Sommige positieve partities mogelijk worden gedetecteerd in de NTC. Om te voorkomen dat een besmetting van de DNA-sjablonen, de Bank schoon te houden en, indien mogelijk, het maken van een schone ruimte met een ventilator filter eenheid. Als een van de DNA-sjablonen vermoed wordt, grondig reinigen van de ruimte en/of verwijderen van de gebruikte reagentia. Daarentegen, als de positieve partities van het referentie-allel niet in de aanwezigheid van gDNA gevonden zijn, bevestigen de concentraties van de gDNA, inleidingen en sondes. Met name werden de inleidingen gebruikt in een lagere concentratie in het representatieve experiment, in vergelijking met conventionele PCR (tabel 1)12. Het is ook cruciaal voor het bevestigen van de oprit tarief, die bijna nooit wordt gewijzigd in conventionele PCR.

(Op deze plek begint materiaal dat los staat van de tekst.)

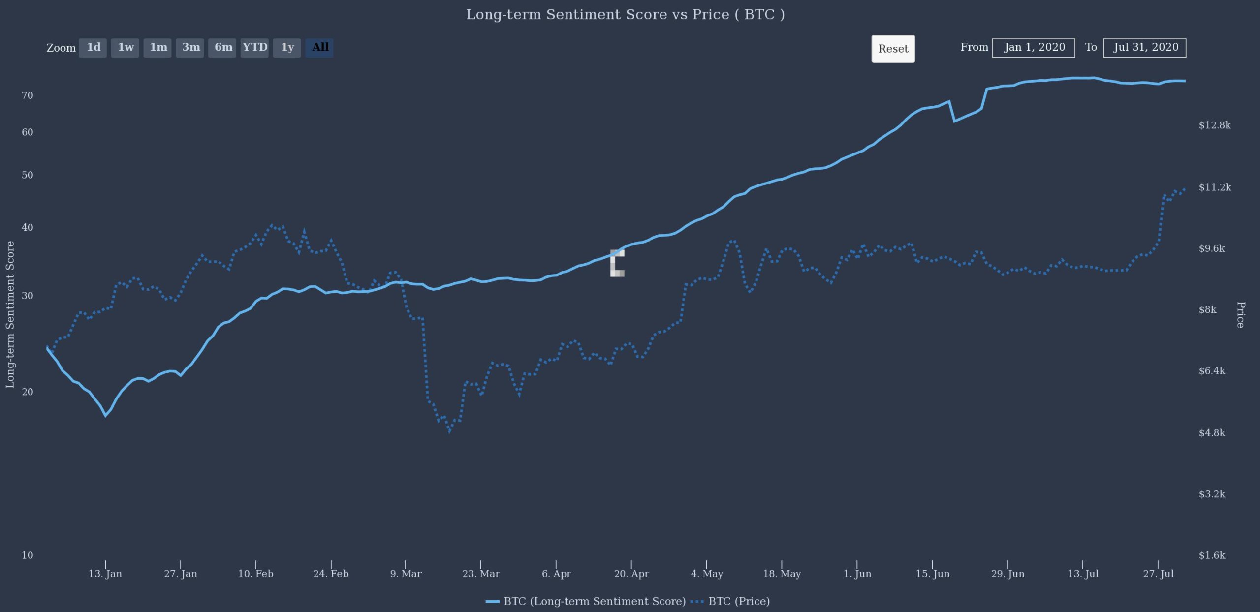 As CryptoSlate reported last week, the long-term public sentiment for Bitcoin remains similarly positive, as data from TheTIE shows: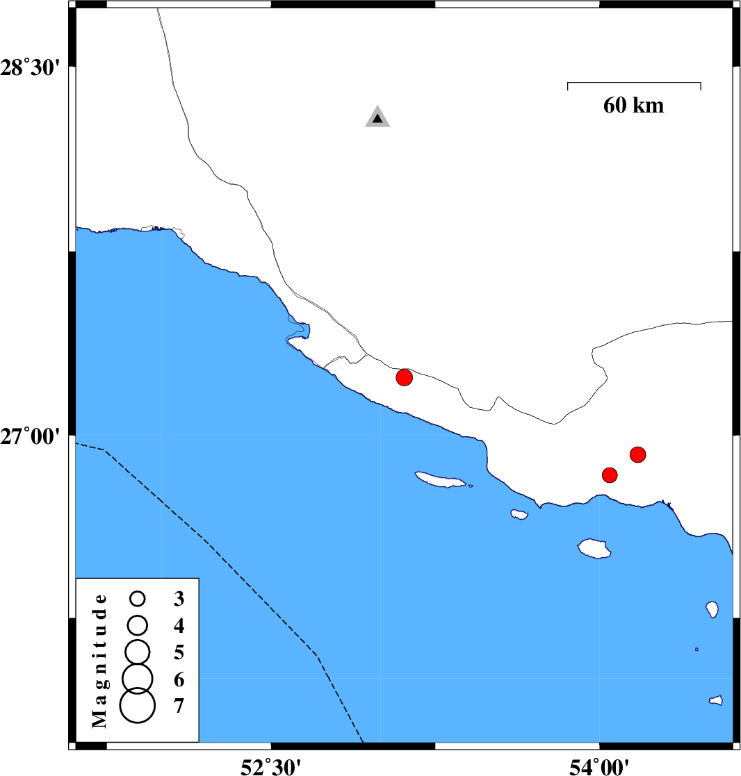 | 2022/10/26 | 13:26:59.6 | 16:56:59.6 | 26.836 | 54.046 | 12 | ML:3.1 | Hormozgan Province, 51 km South-West of Bastak |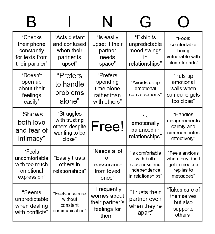 This bingo card has a free space and 25 words: “Easily trusts others in relationships”, “Frequently worries about their partner’s feelings for them”, “Prefers spending time alone rather than with others”, “Seems unpredictable when dealing with conflicts”, “Feels comfortable being vulnerable with close friends”, “Checks their phone constantly for texts from their partner”, “Doesn't open up about their feelings easily”, “Acts distant and confused when their partner is upset”, “Is emotionally balanced in relationships”, “Needs a lot of reassurance from loved ones”, “Avoids deep emotional conversations”, “Shows both love and fear of intimacy”, “Is comfortable with both closeness and independence in relationships”, “Feels anxious when they don’t get immediate replies to messages”, “Prefers to handle problems alone”, “Has trouble making decisions about relationships”, “Handles disagreements calmly and communicates effectively”, “Is easily upset if their partner needs space”, “Puts up emotional walls when someone gets too close”, “Struggles with trusting others despite wanting to be close”, “Takes care of themselves but also supports others”, “Feels insecure without constant communication”, “Feels uncomfortable with too much emotional expression”, “Exhibits unpredictable mood swings in relationships” and “Trusts their partner even when they’re apart”.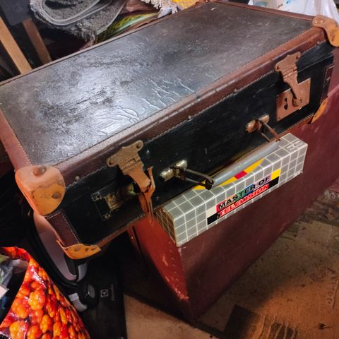 Vanha matkalaukku. On patinaa ja kulumaa. Ei avainta lukkoon.

Wat dPCR met de chip-in-a-tube formaat uniek maakt is het partitioneren van de PCR-mix binnen de universele 8-buis strip8,13. Een overdracht van de partitionering kamers in een PCR-buis is niet verplicht in dit systeem, waardoor het risico op besmetting. Er is ook een voordeel in het dPCR systeem met chip-in-a-tube formaat; duurt het < 4 h tot finish 96 testen in dat systeem van dPCR, terwijl het duurt ten minste 5 uur tot finish hetzelfde aantal testen in druppel gebaseerde dPCR14. De universele 8-buis strip maakt bovendien het gebruik van een conventionele thermische cycler, in tegenstelling tot een andere chip gebaseerde dPCR15, waarvoor een thermische cycler met een platte blok. Ook kunnen de opgebouwde kennis en reagentia voor conventionele PCR worden toegepast op het systeem van de dPCR. Dit is nuttig voor het uitbreiden van de toepassingen van dPCR.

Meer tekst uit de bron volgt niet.